# Explore the Den

The Memory Den explorer lets you browse everything Foxora remembers. The left rail is the Palace — the spatial tree of loci. The right pane is the memories at the place you've selected, each with its full record: durability, confidence, freshness, and the provenance trail that explains why it's there.

## Open the explorer

Go to Agents → Memory Den. The header shows a live count of how much is loaded — total memories and distinct loci — next to a status dot telling you whether the Den service is connected.

## The Palace tree

The left rail is the Palace — the spatial locus tree. Reserved roots (work, life, creative, learning, vault) are always present, and beneath them sit whatever nested loci your memories have created. Each row shows a count: the number of memories at that locus and everything below it.

- Click a folder row to select a locus and list its memories.
- Click the chevron to expand or collapse its children.
- A lock icon marks the vault — access-locked memory.

## Reading a memory

Selecting a locus lists its memories (and its descendants’) in the right pane. Each row is compact but carries the full Den tuple:

- Anchor — the short headline of the memory, with its dotted locus beside it.
- Content — the fact itself, in a line of detail.
- Durability — a tag: Transient, Semester, or Permanent.
- Confidence — κ, a 0–1 score of how sure the Den is.
- Freshness — a colored dot: fresh, stale, or resolved.
- When — a relative timestamp for when it was recorded.

### Fresh, stale, resolved

The Den doesn’t assume a memory stays true forever. As your behavior drifts from what a memory asserts, the Den can flag it stale — a signal to re-check rather than trust blindly. Once it’s re-confirmed or superseded, it becomes resolved. Most memories sit fresh.

## The full record & provenance

Click any memory to open its full record. Beyond the tuple above you’ll see its layer (raw / episodic / semantic / relational), its tags, and — most importantly — its provenance: the P-DAG trail of why the Den believes this.

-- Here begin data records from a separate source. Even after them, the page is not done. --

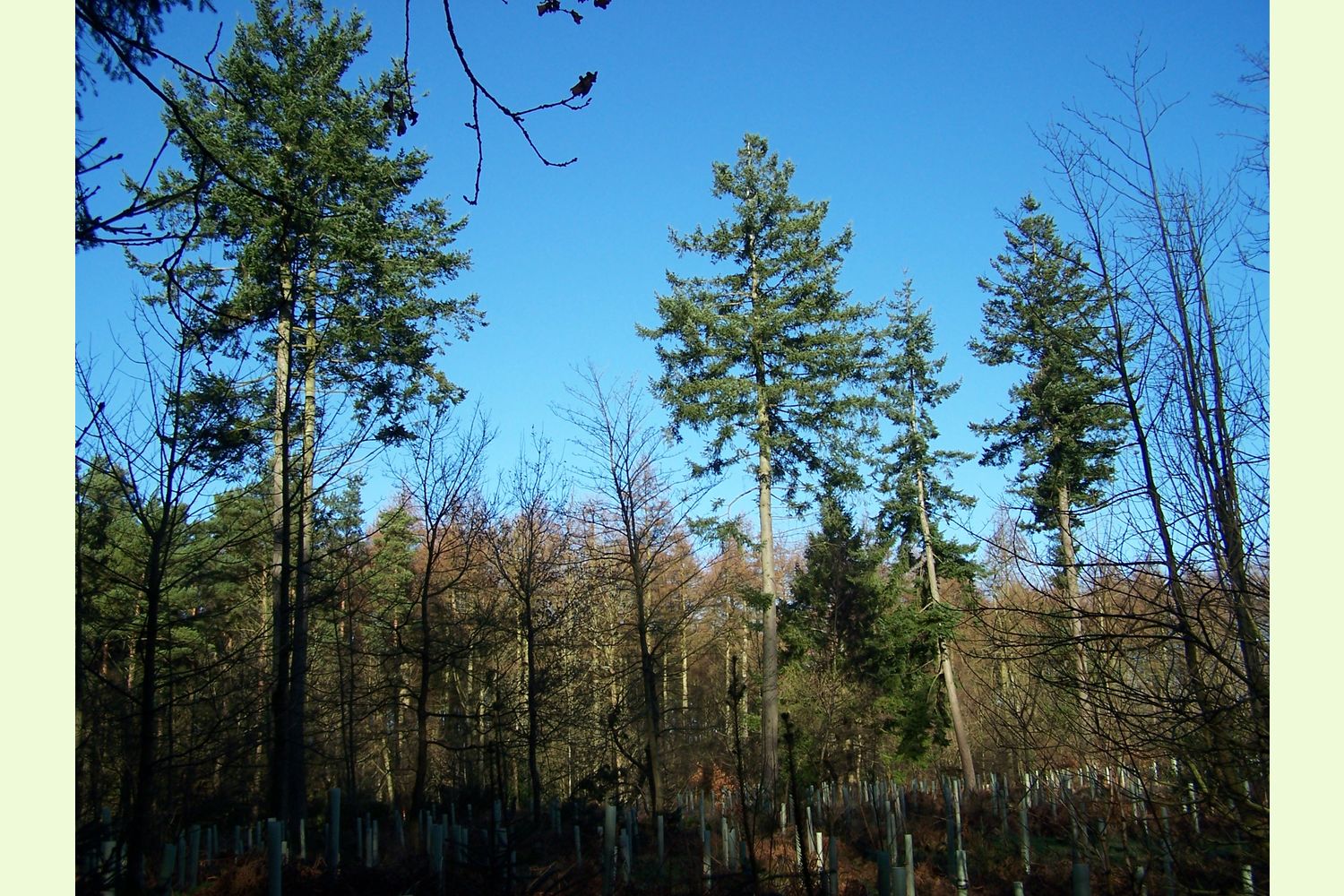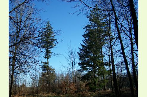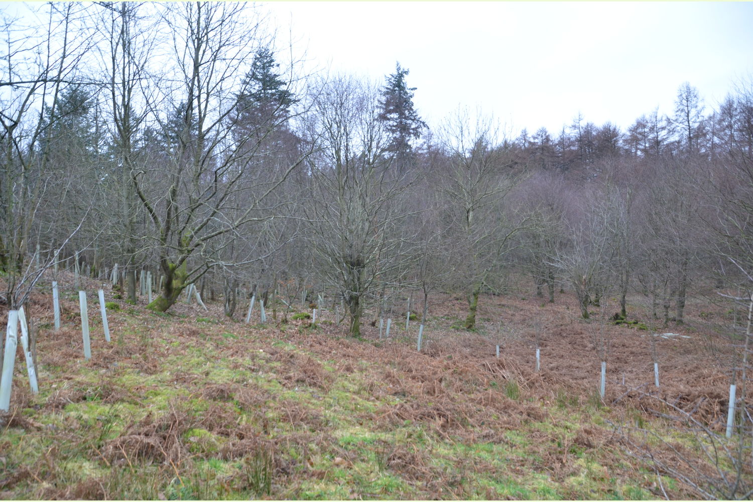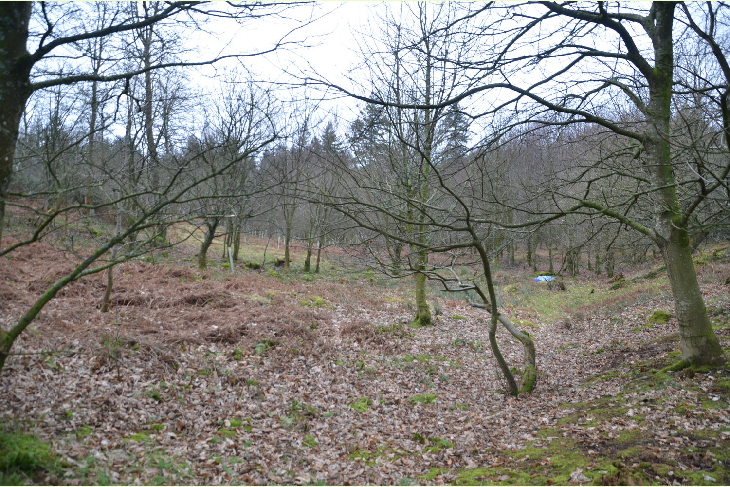 Trees: Noble fir, larch and spruce still remain from the woods plantation heritage. Replanted species include sweet chestnut, oak and sycamore and together with a natural regrowth of hawthorn, rowan and wych elm. Several mature beech trees, together with their progeny, can also be found throughout the wood.
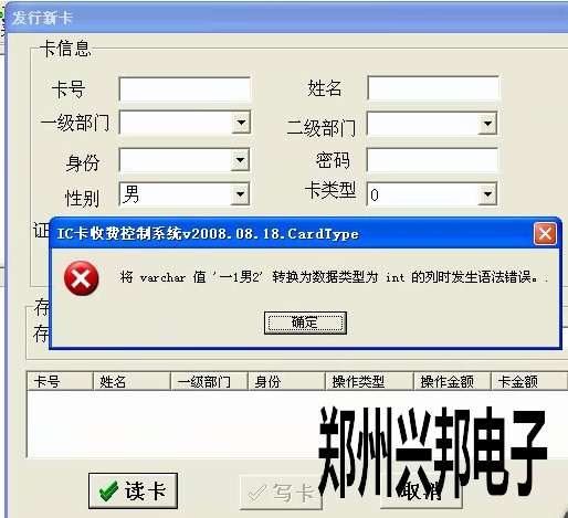 客戶使用的是我們的局域網(wǎng)一卡通食堂售飯機(jī),在使用我們軟件時(shí),新卡無(wú)法發(fā)行,在發(fā)行新卡的時(shí)候出現(xiàn)了將varchar值‘一1男2’轉(zhuǎn)換為數(shù)據(jù)類型為int的列時(shí)發(fā)生語(yǔ)法錯(cuò)誤。
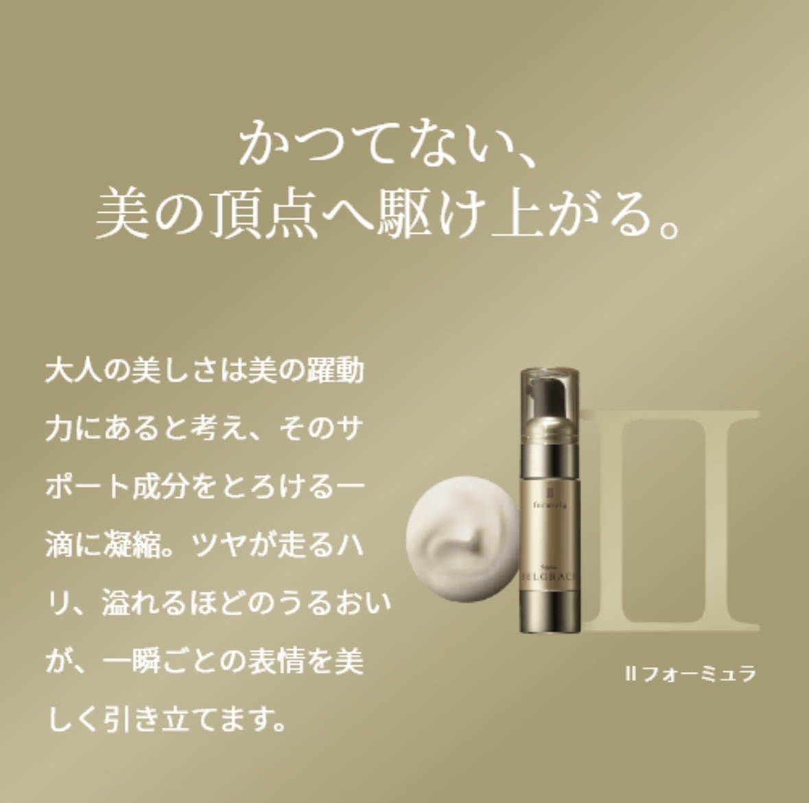 「Iフォーミュラ」を使用した後に、「IIフォーミュラ」を使用。<受け入れて応えられる肌へ。ジェル状の「Iフォーミュラ」がみずみずしく肌を潤し、セラム状の「IIフォーミュラ」がやさしく肌を包み込みます。
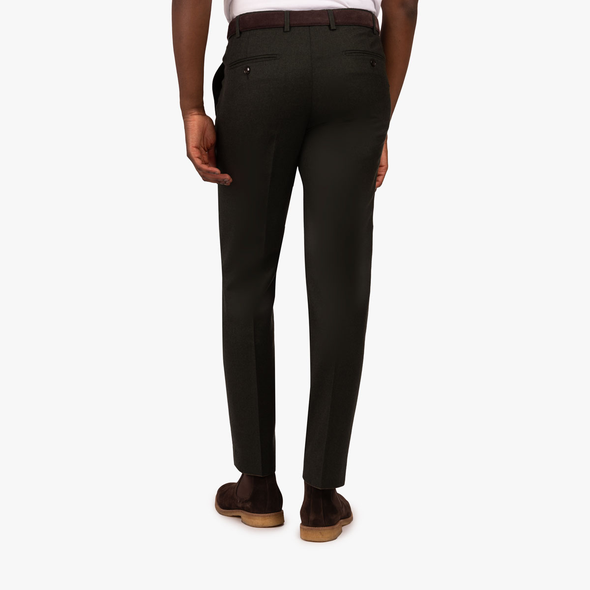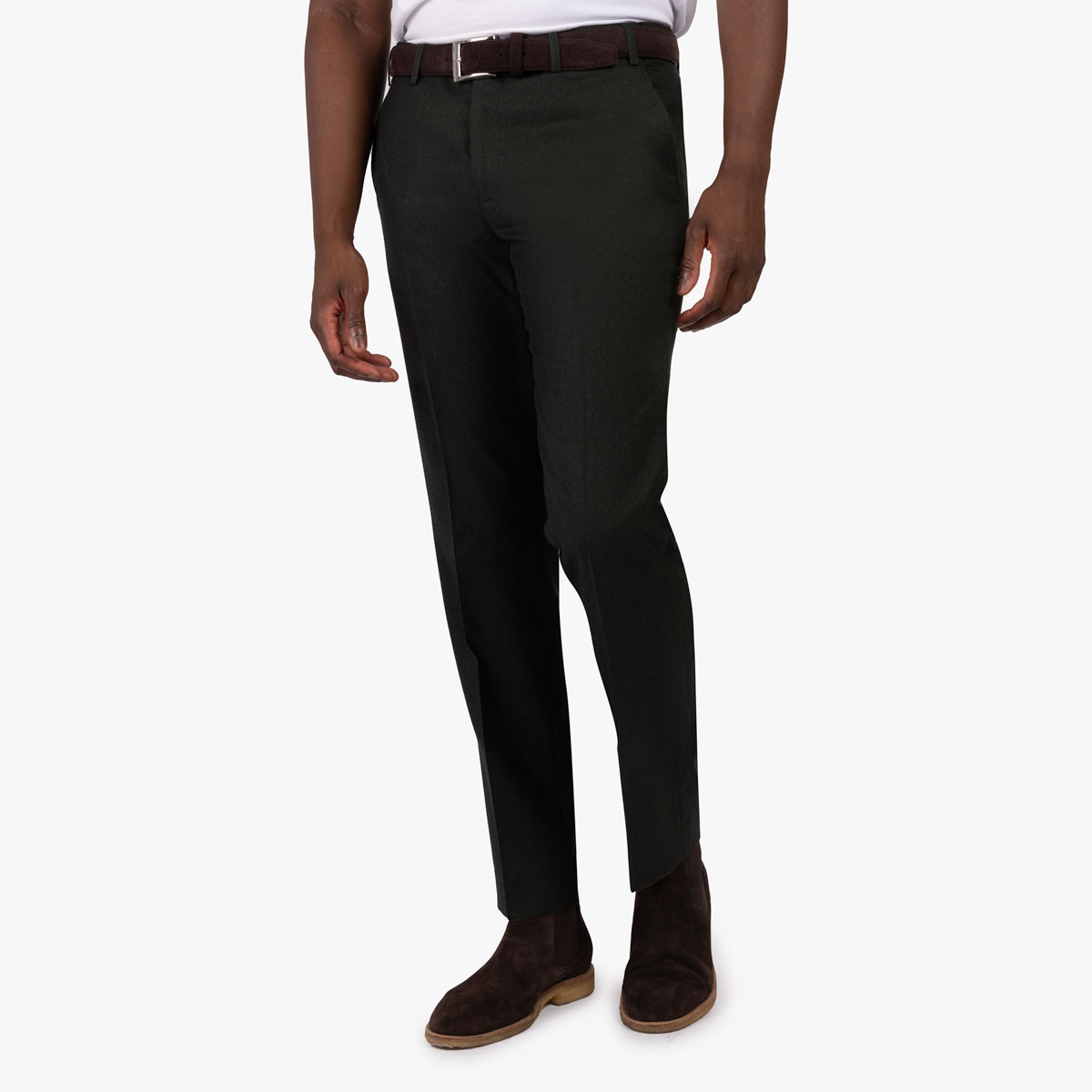 Die dunkelgrüne Baukastenhose hat eine gemäßigte Passform (Modern Fit) und besteht aus reiner Wolle in S 100er Qualität.

Provenance nodes point back to the evidence a memory was built from — a conversation, a file, a command, an app, or a capture — each with the source and a reference into it. It’s the audit trail that turns “the agent claimed X” into “the agent learned X from here.”

## Recall across the whole Den

The search box above the explorer runs Recall — it sweeps every locus at once, matching on anchor, content, and tags, regardless of where in the Palace a memory lives. It’s the fastest way to find a fact when you don’t remember which place it’s filed under.